The problem with Bioshock Infinite is the same problem that comes with all Bioshock games; the "game" part is always the least engaging part.
Each Bioshock opens with a memorable, highly cinematic intro sequence, features a few minutes of roaming a non-hostile environment, and then railroads you from one amusement park set-piece to another. The moment weapons are drawn and crazed fanatics start gibbering, the game just becomes comically out-of-place bar brawls and shootouts, desperately being glued together by a lot of System Shock 2 voice recordings, and the occasional faux-shocking twist revelation or pretentious cutscene blather with a bad-guy.

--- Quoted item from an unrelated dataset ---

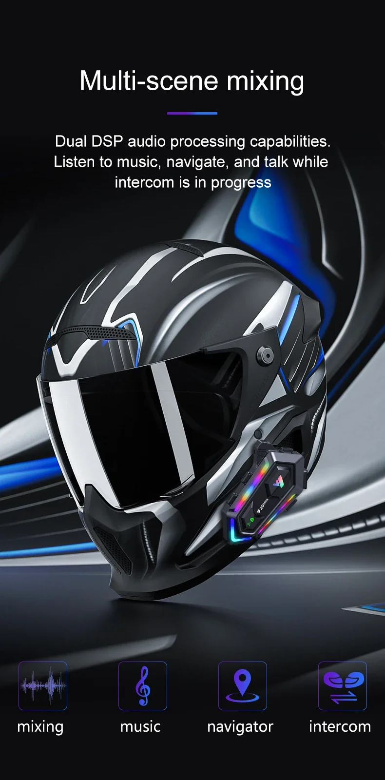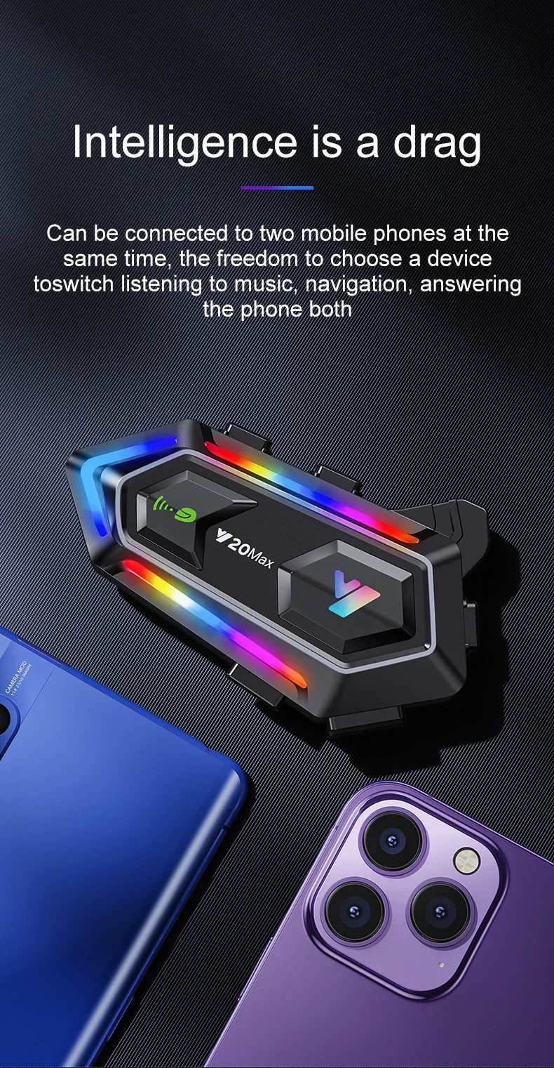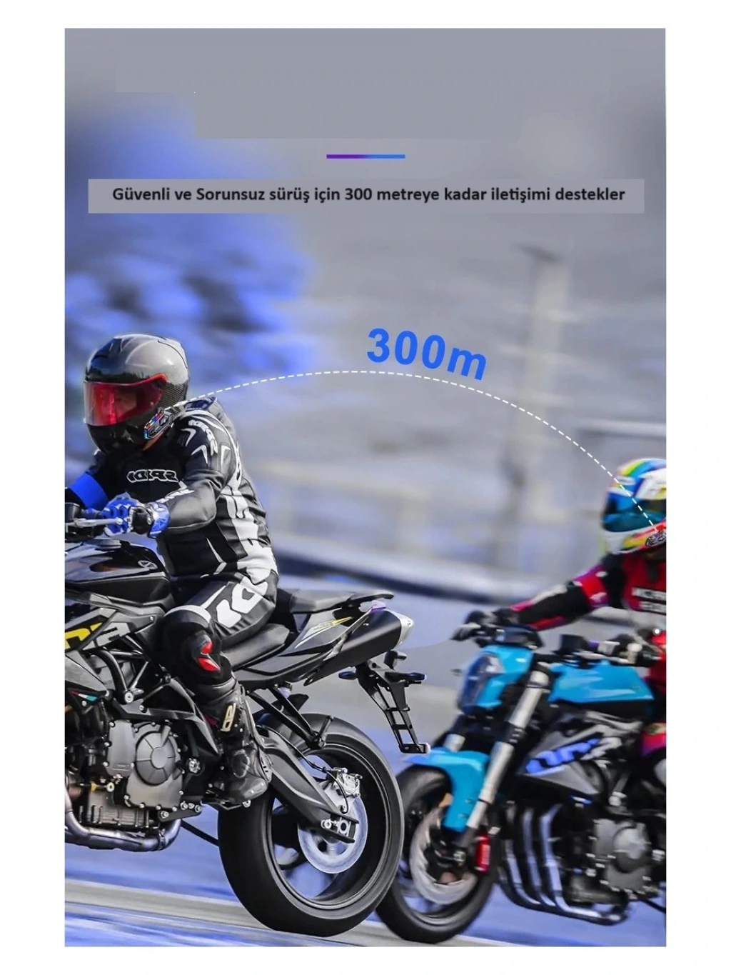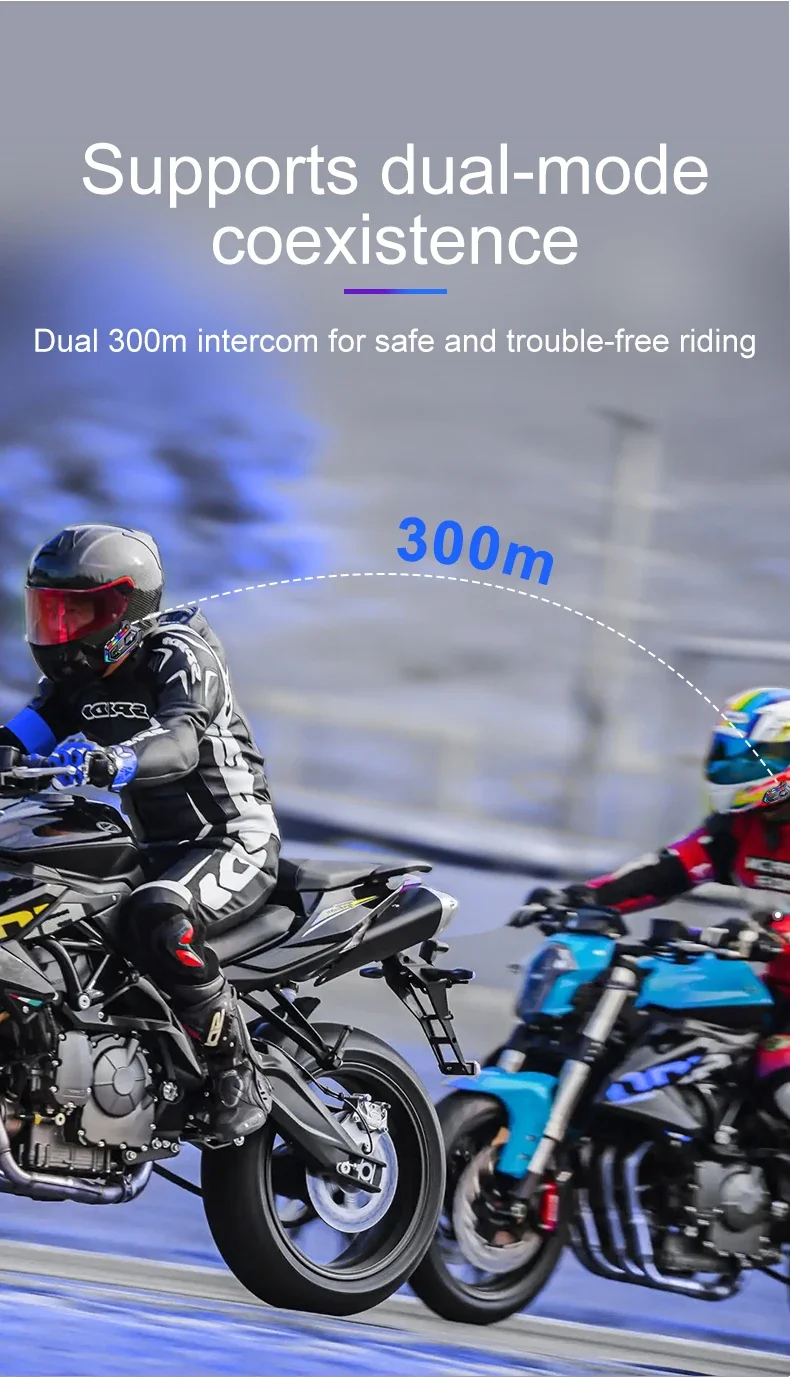 Destek 2 binici veya ön ve arka koltuk interkom, mesafe 300 metre. Birbirleriyle konuşurken müzik dinleyebilirsiniz.
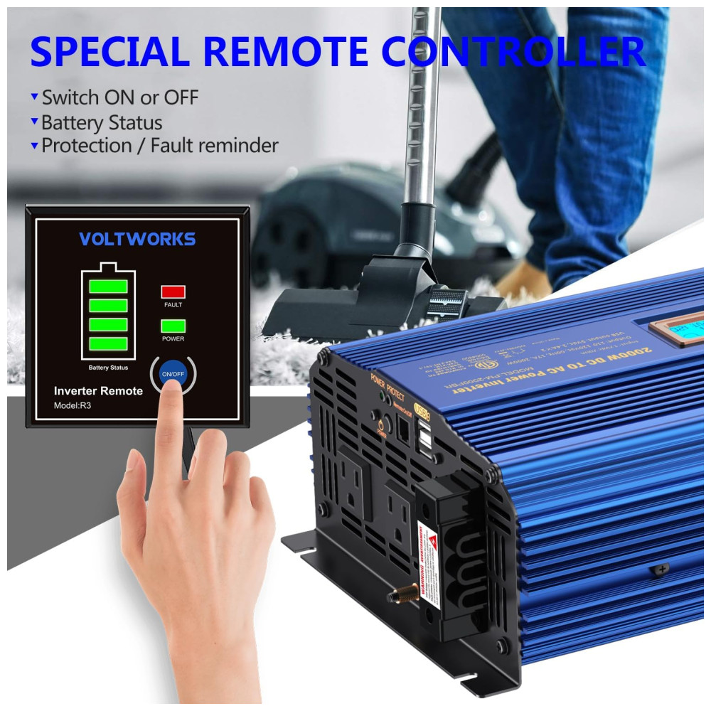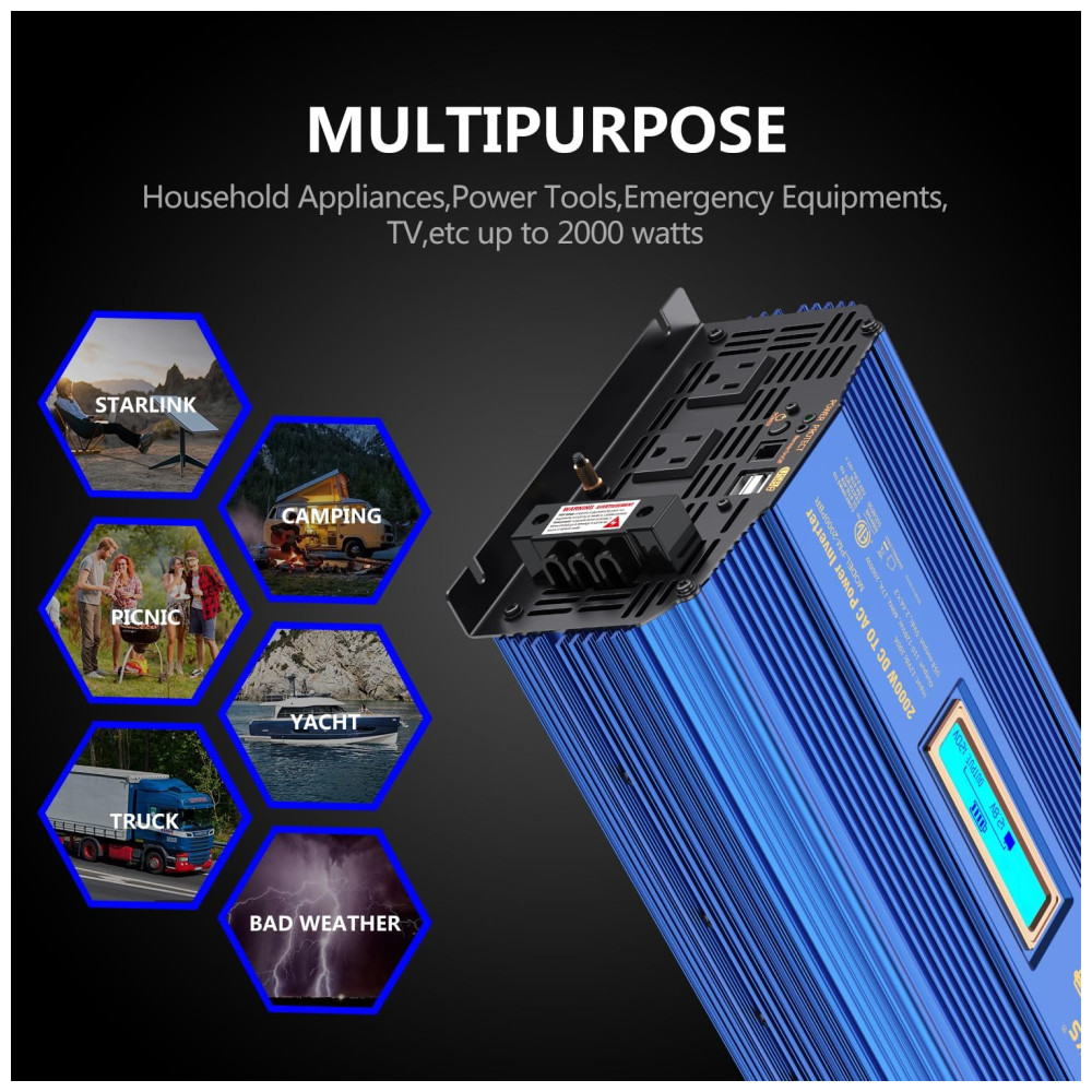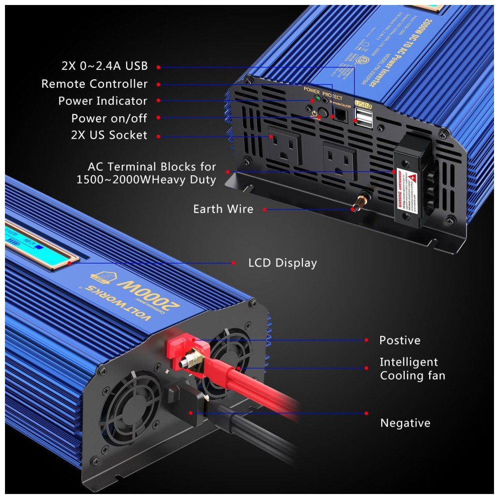Fornece 100 de 2000 watts CC de 12 volts para energia contínua de 120 volts CA, potência de pico de até 4000 watts, vem com 3 tomadas CA e portas USB 2×2.4A Possui 2×2.4A, detecta automaticamente e carrega rapidamente seus dispositivos até 2,4 lâmpadas, totalmente portas USB de 4.8A, que podem alimentar a maioria dos seus dispositivos compatíveis com USB. E as 3 tomadas CA também são adequadas para alimentar dispositivos maiores, como eletrodomésticos, ferramentas elétricas etc. DISPLAY LCD E CONTROLE REMOTO. Apresentado com um display LCD, que permite que você saiba a tensão de entrada e saída para que você possa saber o status de uso da sua bateria. E o controle remoto também é mais conveniente para você ligar , desligar o inversor Incluindo proteção contra curto circuito, proteção contra sobretensão, proteção de baixa tensão, proteção contra sobrecarga, proteção contra superaquecimento, projeto isolado de entrada e saída CARCAÇA DE ALUMÍNIO Proteja o inversor contra quedas e choques. E o ventilador de refrigeração embutido pode evitar superaquecimento

The reason combat worked in System Shock 2 was that you were in a genuinely dead environment, filled with alien-infested crew and creepy suicide robots that'd wander in while you were exploring (read, while EXPLORING--big factor here) with your back turned. In Bioshocks, the games are always too shoved-up their own story to ever let it sink in that the enemies might be scary--and they're all just 'people' to boot. Sure, some of them are ugly people, but half their dialogue makes them seem like cartoon characters that would seem appropriate walking out of the setting of Team Fortress 2. Even the Big Daddies are threatening in the least direct way possible, and fighting them is something you always do on your own terms. Hell, there's practically an alarm bell any time you have to fight a splicer, what with them giving themselves away from a mile with banal jabber meant to be intimidating. Then you have Burial At Sea part 2, where they're so desperate to conjure fear and tension into the game that they have Sander Cohen make a "LOOK BEHIND YOU" gag to try and get you to jump.
I think if the Bioshock crew spent half as much time trying to make a game specifically for its congruous gameplay, as they do hyping up the bloody things cinematic elements, violence wouldn't even be a concern. As it stands, the games don't even make the violence that particularly 'relevant', let alone jarring. By the end of most playthroughs, I'd slaughtered ten times as many people as any of the actual antagonists, and any time I encountered something breathing, my first instinct was to beat the snot out of it just to get it to stop rambling on. Then I had to ask where all the nice people teleported off to, in order to give room for the loonies with the Lady Liberty masks to jump in. Perhaps they all realized at once, that they were in a Bioshock game, and that eventually they would either have to go crazy or be forced to vacate the premises, and having made this realization, willed themselves from being.
Not the stunning orgasmic game-of-the-year experience I'd expect of a game with this much clout, and it's embarrassing that all it takes these days to clinch that title is a modestly good support character who can summon samurai into department stores for whatever reason. What I'm wondering is what would happen if we got more of the juiciness of Burial At Sea Part 1's opening moments--just exploring an interesting location with interesting characters, without it becoming a monkey house of bang-bang and fireballs.